Perlu diketahui dibuku itu disebutkan bahwa “Batam” merupakan akronim dari “batu ampa,” yang merujuk pada cerita si Badang dan Putri Tumasik yang dikenal dalam khasanah hikayat rakyat Melayu.

Pulau Batam secara geografis memiliki letak yang sangat strategis, berada di jalur lalu lintas perdagangan internasional Selat Malaka yang merupakan jalur perdagangan internasional tersibuk kedua setelah Selat Dover di Inggris.
Posisinya juga sangat strategis hanya 20 km atau 12,5 mil laut dari Singapura, dengan jarak tempuh hanya 45 menit melalui jalur laut, dengan aksesibilitas yang mudah ke negara lainnya di belahan dunia.

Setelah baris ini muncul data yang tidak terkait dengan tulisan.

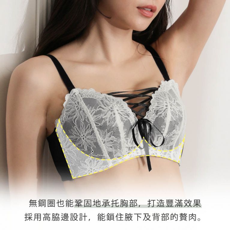 無鋼圈超盛內衣(R)有下厚罩杯及高脇邊設計,就算沒有鋼圈也能實現擁有驚人爆乳豐胸的心願!本款的緞帶設計,只要輕輕一拉就可達到胸部集中的效果。U字美背設計及高脇邊加高的壓條幫助集中鎖住多餘的贅肉,修飾側邊線條。緞帶還可拆下的二種設計,可按心情選擇變化。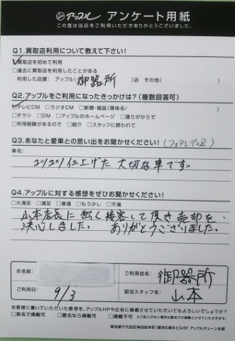 山本店長に熱く接客して頂き売却を決心しました

Pulau Batam sendiri merupakan salah satu pulau terbesar dari rangkaian 329 rangkaian pulau di sekitarnya di Kepulauan Riau, yakni memiliki luas 415 km2 atau 67% luas dari Singapura.

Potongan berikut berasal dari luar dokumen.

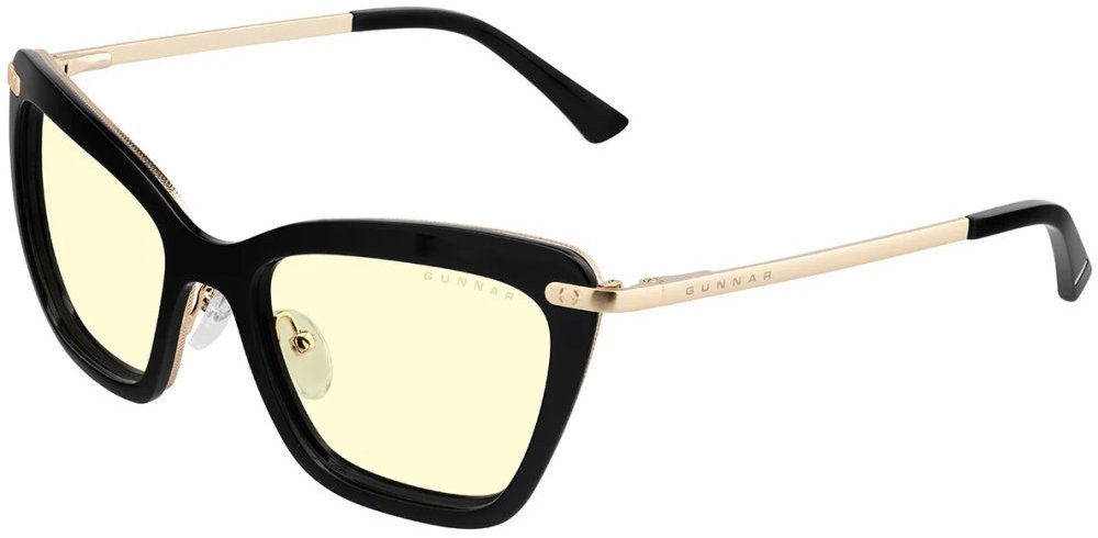 Okuliare na počítač – dámske/dievčenské, na počítač, ochrana proti modrému svetlu 65 %, obdĺžnikové, materiál rámu: plastový, oranžová farba skiel, čierna a zlatá farba rámu, UV ochrana UV400, v balení pevné puzdro, handrička na čistenie a plátené vrecúško, šírka okuliarov 13,6 cm Dámske okuliare na počítač GUNNAR ponúkajú 65 % ochranu proti modrému svetlu a tým chránia zrak pri dlhodobom používaní obrazoviek. Dioptrické okuliare na PC na blízko s dioptriami 0,2 zaistia jasný a

Alun – Alun Engku Putri salah satunya. Objek wisata ini terletak di Batam, Kepri, dimana dapat disebut sebagai ikon dari Batam itu sendiri karena beragam aktifitas dapat dilakukan di alun – alun ini.
Mulai dari sekadar berkumpul dengan satu komunitas tertentu, bercengkrama, menikmati jajanan khas Riau, atau bahkan berolahraga ringan.
Keindahan jantung kita Batam ini akan lebih asik sambil menikmati kuliner yang ada di bawah walcome to batam.
“Sore hari asik nongrong menjelang magrib dan tinggal sholat di mesjid raya,” kata Chelly dilokasi.